Dejemos a una de las víctimas relatar sucintamente lo sucedido: “En el marco del ataque sistemático del Gobierno sobre Clarín, la inacción del Ministerio de Seguridad, el incumplimiento de la orden judicial para garantizar la distribución de los diarios, y la presión de algunos delegados por sobre la voluntad de los trabajadores de AGEA y AGR, formaron ese combo explosivo que ayer impidió que Clarín, por primera vez en 28 años de democracia no llegara a sus lectores”.   

Los agresores, al parecer, no hicieron sino ejecutar instrucciones impartídales por su jefe, el cuestionado dirigente sindical kirchnerista Hugo Moyano, que precisamente está siendo investigado por la justicia suiza por presunto lavado de dinero, hecho de lo que se hizo eco la prensa argentina.   

Bajo las dictaduras era común que unos cuantos patoteros atropellaran cualquier institución o persona que molestara a los tiranos, pero bajo regímenes civilizados este procedimiento no solamente es insólito, sino, además, contradictorio con el espíritu democrático y con la imagen que se pretenden proyectar al resto del mundo.   

En efecto, ¿qué impresión cree el gobierno de Cristina Kirchner que dejan barbaridades como estas ante la opinión pública internacional? ¿Cómo sus diplomáticos irán a explicar este atraco ante las sociedades políticas estables y regulares adonde ejercen funciones, o adonde van a pedir inversiones y créditos?   

Y tanto más difícil les resultará esta tarea a los voceros del Gobierno argentino cuanto más vergonzoso es el acto perpetrado por sus adherentes.

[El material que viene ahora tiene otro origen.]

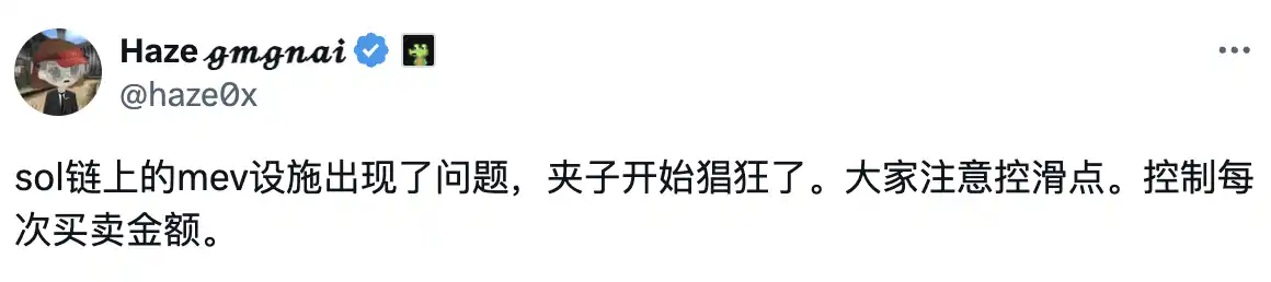 GMGN 联创 @haze0x 也专门发帖提醒大家:「SOL 链上的 MEV 设施出现了问题,夹子开始猖狂了。」

Pues si confían en que con sus explicaciones de que no pueden intervenir porque esos hechos de fuerza se ejecutaron en el marco de un problema laboral que debe ser resuelto “por los conductos pertinentes”, van a convencer a alguien, es mejor que vayan advirtiendo que la ingenuidad política hoy ya no es el estado natural de nuestras sociedades.   

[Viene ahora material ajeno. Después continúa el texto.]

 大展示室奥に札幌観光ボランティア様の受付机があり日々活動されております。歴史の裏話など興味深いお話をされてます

Este ataque aleve contra los medios de prensa bonaerenses constituye una directa y repudiable agresión a la democracia argentina y, además, una advertencia para todos los latinoamericanos, porque, después de los atropellos de Hugo Chávez a los medios de su país, no se había experimentado en la región una muestra más evidente de conculcación de derechos fundamentales de los ciudadanos en materia de libertad de opinión y de prensa.   

Esta experiencia nos demuestra a todos los latinoamericanos cuán frágiles pueden ser en realidad todavía las garantías del ejercicio del derecho de libertad de prensa que nuestras constituciones nos prometen y que nuestros gobiernos juran respetar.   

Es bien sabido que la prensa libre molesta a los gobernantes, sean democráticos o autoritarios; irrita e incomoda a todos por igual. Pero mientras el gobernante autoritario puede y suele ejercitar la fuerza desnuda con brutalidad e impunidad, del gobernante democrático se espera que a sus intereses particulares haga preceder la legalidad y el interés general.   

El actual Gobierno argentino tiene que dar muchas más explicaciones que las que se tomó la molestia de brindar. Sacarse la careta, afrontar las consecuencias de los hechos de fuerza que apadrinó y someterse al juzgamiento que los argentinos sabrán realizar, porque la afrenta sufrida por los medios de prensa de ese país es una vergüenza para toda la Argentina y un desmedro grave para su respetabilidad en el mundo democrático, de ese mundo que permanecerá expectante, aguardando las satisfacciones que el Gobierno de Kirchner debe a sus compatriotas, en primer lugar, y al resto del mundo, después, en salvaguarda de la imagen de su país.